Я слышу шаги отца, звук льющейся из крана воды.
– Выпей-ка, успокойся. Нам парня вылечить нужно, на ноги поднять!
– Ром, я не могу поверить, что мать может пожелать такое! – Голос мамы дрожит, как натянутая тетива. – У меня в голове не укладывается, – мама шумно глотает и со стуком опускает стакан на тумбочку. – Римма сыпала проклятиями, злорадствовала… Они радовались, понимаешь? Радовались, как она выразилась, справедливому возмездию обидчику их дочери.
Я не могу больше молчать и просто слушать. Часто моргаю, адаптируясь к свету, и хриплю изо всех сил, превозмогая боль:
– Маа…
– Богдаша… Богдан, сыночек! Рома, вызови срочно врача! – Мама отбрасывает стул и припадает ко мне. Цепляю мимолетный взгляд отца – сочувствующий, перепуганный. Он выбегает из палаты, громко хлопнув дверью.
– Мама… Что со мной…
– Сыночек, Богдаша мой, – горячие слезы опаляют кожу на груди. Мама гладит мою голову, щеки, плечи. Поднимаю руки в ответном объятии, только сейчас замечая торчащие из локтя спицы.
– Черт…
– Богдан, ты помнишь что-нибудь, сынок?
– Я торопился к Алисе, – слова напоминают глухое бульканье. – Мама, почему так сильно болит горло?

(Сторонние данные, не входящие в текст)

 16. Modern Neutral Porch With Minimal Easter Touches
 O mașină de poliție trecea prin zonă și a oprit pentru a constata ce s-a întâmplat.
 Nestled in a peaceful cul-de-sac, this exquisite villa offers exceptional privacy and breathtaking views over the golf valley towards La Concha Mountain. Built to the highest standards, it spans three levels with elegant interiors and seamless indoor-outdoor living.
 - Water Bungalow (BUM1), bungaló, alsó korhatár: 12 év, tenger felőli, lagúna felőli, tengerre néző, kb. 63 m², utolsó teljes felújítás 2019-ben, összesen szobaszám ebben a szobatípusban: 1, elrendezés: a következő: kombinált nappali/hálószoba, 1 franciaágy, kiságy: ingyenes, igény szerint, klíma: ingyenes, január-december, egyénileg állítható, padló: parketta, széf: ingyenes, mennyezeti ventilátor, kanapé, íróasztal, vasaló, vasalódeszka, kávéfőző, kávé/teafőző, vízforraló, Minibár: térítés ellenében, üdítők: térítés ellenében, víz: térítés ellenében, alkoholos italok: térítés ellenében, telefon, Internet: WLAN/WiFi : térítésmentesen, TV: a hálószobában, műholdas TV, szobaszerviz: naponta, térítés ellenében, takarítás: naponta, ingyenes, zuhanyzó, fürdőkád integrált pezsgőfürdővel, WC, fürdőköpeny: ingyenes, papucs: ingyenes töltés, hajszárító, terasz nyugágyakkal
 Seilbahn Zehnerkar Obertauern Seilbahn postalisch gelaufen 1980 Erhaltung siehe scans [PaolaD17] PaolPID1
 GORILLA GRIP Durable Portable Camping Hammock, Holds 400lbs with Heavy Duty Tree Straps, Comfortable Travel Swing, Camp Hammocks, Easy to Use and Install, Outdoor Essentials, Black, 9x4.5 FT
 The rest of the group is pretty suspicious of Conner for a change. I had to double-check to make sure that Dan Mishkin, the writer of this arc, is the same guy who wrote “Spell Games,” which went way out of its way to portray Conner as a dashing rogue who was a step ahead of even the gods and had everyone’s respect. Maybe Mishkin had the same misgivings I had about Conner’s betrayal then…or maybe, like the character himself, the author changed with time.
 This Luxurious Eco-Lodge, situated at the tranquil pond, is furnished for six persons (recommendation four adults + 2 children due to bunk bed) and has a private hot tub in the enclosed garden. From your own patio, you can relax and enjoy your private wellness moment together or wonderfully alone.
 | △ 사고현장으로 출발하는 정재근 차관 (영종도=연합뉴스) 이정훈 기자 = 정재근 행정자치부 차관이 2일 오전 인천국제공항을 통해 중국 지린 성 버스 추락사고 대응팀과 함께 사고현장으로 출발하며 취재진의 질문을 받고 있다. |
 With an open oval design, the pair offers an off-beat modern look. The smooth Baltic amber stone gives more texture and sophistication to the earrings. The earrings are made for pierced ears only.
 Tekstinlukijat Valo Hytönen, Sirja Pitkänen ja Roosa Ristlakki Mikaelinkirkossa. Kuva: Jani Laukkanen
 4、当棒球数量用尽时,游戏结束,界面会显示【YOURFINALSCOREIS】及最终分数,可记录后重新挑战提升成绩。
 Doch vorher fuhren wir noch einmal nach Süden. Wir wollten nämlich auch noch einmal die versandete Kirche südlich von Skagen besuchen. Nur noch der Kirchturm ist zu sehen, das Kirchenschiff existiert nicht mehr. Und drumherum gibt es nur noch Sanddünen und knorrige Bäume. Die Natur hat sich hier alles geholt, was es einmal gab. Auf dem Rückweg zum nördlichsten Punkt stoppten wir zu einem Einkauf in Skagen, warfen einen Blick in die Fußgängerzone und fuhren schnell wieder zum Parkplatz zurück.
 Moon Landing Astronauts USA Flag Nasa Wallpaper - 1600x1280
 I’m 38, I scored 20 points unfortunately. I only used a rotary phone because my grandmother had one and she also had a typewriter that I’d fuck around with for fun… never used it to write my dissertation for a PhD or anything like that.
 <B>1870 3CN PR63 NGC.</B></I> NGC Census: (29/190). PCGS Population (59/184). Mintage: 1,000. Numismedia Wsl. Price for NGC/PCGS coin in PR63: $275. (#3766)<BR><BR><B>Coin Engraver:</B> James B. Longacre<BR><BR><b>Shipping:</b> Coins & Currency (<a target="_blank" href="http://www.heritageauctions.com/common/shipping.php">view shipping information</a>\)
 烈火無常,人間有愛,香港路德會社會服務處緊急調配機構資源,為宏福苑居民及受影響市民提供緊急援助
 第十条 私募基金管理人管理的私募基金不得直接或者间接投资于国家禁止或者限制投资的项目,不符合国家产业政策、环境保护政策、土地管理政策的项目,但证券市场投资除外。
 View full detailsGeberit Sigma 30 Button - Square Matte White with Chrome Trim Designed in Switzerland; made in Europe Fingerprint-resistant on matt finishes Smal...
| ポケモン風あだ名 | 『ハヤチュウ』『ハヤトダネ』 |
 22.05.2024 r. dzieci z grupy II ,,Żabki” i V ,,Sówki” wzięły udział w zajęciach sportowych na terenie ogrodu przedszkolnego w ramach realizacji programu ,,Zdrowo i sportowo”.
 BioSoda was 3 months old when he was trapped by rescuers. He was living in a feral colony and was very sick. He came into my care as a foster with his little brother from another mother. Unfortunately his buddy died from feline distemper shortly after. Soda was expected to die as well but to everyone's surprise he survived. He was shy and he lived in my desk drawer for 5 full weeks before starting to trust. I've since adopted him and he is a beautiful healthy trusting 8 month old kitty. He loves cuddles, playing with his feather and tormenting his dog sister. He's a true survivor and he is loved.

– Тебя сегодня сняли с аппарата ИВЛ, сынок.
– Сегодня? Сколько я так пролежал? – Я облегченно вздыхаю, пошевеливая пальцами ног. Правое бедро заковано в гипс.
– Два дня. Сынок, может, нужно позвонить Алисе? Давай я свяжусь с Мирославчиком… Твой телефон сгорел, Богдан. И Бэн сгорел дотла, – добавляет чуть слышно.
– Даже не думай, мам. Для Алисы очень важна экспедиция, не стоит ее срывать. Она узнает все, когда вернется, – делаю вид, что пропустил ее слова про Бэна мимо ушей.
– Хорошо, сыночек. И ты ничего не скажешь…
– Мам, я слышал про Аллу. И про Римму Сергеевну. Я не хочу больше ничего знать о них. Никогда. Ты понимаешь меня?
– Хорошо, родной.
– Богдан Романович, с возвращением! – В дверном проеме палаты появляются отец и мужчина в белом халате, по всей видимости, мой лечащий врач.